Just Had Surgery? Here’s The Proper Way To Take Care Of Your Wound


Needing to have surgery is never a fun sensation. Quite often, there’s a wave of relief that comes when the surgery is done as you’ve made it through and your issue is dealt with, and soon you’ll be able to get back to your regular life. Of course, you still have to go through the healing stage. The following will walk you through the steps necessary for caring for a surgical wound.

Listen To Your Medical Professional

Before we begin, it is crucial that you listen to the suggestions and prescriptions of your surgeon or doctor. The following are well-researched guidelines that can help people who are recovering from surgery. This being said, everyone’s body is different. Everyone’s surgery is different. A doctor will tailor their advice to you and your specific context.

Of course, if something feels wrong about the advice given by your doctor or for some other reason you’re uncomfortable with what is being asked of you, it is always okay to seek out another opinion. In fact, if you are feeling doubt, you should talk to another medical professional. We like to think that all doctors are the same, but there are varying degrees of different approaches to healthcare within the same system. Sometimes one doctor’s approach works for one patient, and another doctor’s methodology works for another patient. 

It is also completely okay to speak to a naturopath or another form of doctor like a physiotherapist in tandem with the conversation you’re having with your traditional doctor. Quite often, approaching healing from multiple directions at once can produce beautifully powerful results.

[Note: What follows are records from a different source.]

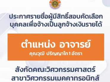 ประกาศรายชื่อผู้มีสิทธิ์สอบคัดเลือกบุคคลเพื่อจ้างเป็นลูกจ้างเงินรายได้ ตำแหน่ง อาจารย์ จำนวน ๑ อัตรา คุณวุฒิ ปริญญาโท สังกัดคณะวิศวกรรมศาสตร์ สาขาวิศวกรรมเมคคาทรอนิกส์ พฤศจิกายน 26, 2025พฤศจิกายน 26, 2025ประชาสัมพันธ์ประชาสัมพันธ์, รับสมัครงาน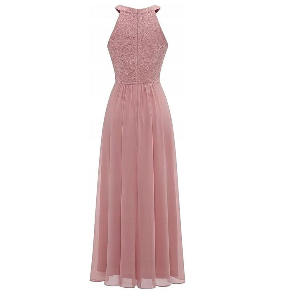 Nikcorp Svečana duga haljina od čipke i šifona, elegantna i prozračna, bez rukava s vezanjem oko vrata, roza, veličina XL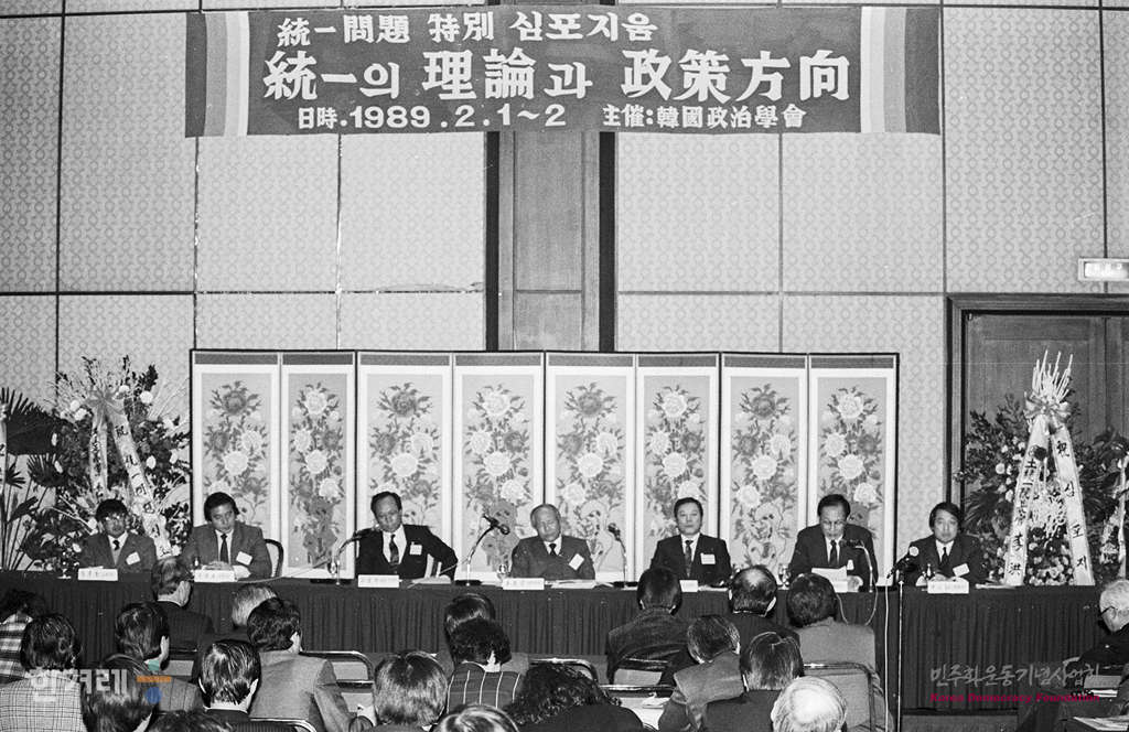 - 1989년 2월 1일 한국정치학회는 서울 힐튼호텔에서 통일문제 특별 심포지움을 열어 통일에 대한 전문가들의 이론적인 접근 및 각 정당 사회단체의 통일방안 발표를 듣고 토론을 벌이고 있다.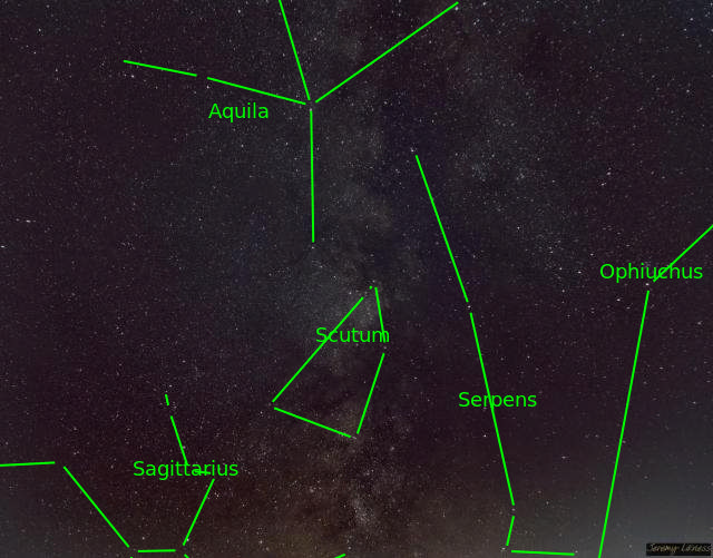 NGC6611 M16 Part of the constellation Sagittarius (Sgr) IC4715 Part of the constellation Aquila (Aql) Part of the constellation Serpens (Ser) The star ηSer The star νOph IC4701 The star λAql The star Nunki (σSgr) The star πSgr The star τSgr The star Cebalrai Cheleb (βOph) The star δAql The star θAql The constellation Scutum (Sct) The star ξSer Eagle Nebula Small Sgr Star Cloud M24

If Something Isn’t Working For You

Humans are pretty adaptive animals, and this means that we tend to get used to things that we don’t always need to. If you are uncomfortable, speak up about it to your support system at home and to your doctor. Sometimes all it takes is a medical tape converter to change up the shape and fit of medical adhesive. Sometimes a medication you were offered has a side effect that isn’t great, and your doctor will suggest an alternative. If any part of the process isn’t working for you, talk about it. Find solutions. We’ve all had that situation where we put up with something for far too long because we didn’t know there was an alternative. Always ask. There could be a simple, easy solution that could make this whole healing process easier to handle.

Be Gentle

First and foremost, remind yourself that you are recovering. Be gentle with yourself. Yes, you want to get on with your life, but your body needs time. Be cautious of movements that pull at the wound area. Sometimes something as simple as pulling open the cutlery drawer requires more abdominal muscle use than you remember. If this is where your stitches are, you might want to let someone else get the utensils out for a meal (or keep them on the counter for easy access so you can do it yourself).

Wash Your Hands Before Touching

Preventing infection is one of the major components of recovering from surgery. To do this, one of the most important steps you can take is to wash your hands before you touch the incision. If you’re changing bandages or gently wiping the area as per your doctors’ instructions, make sure your hands are clean first.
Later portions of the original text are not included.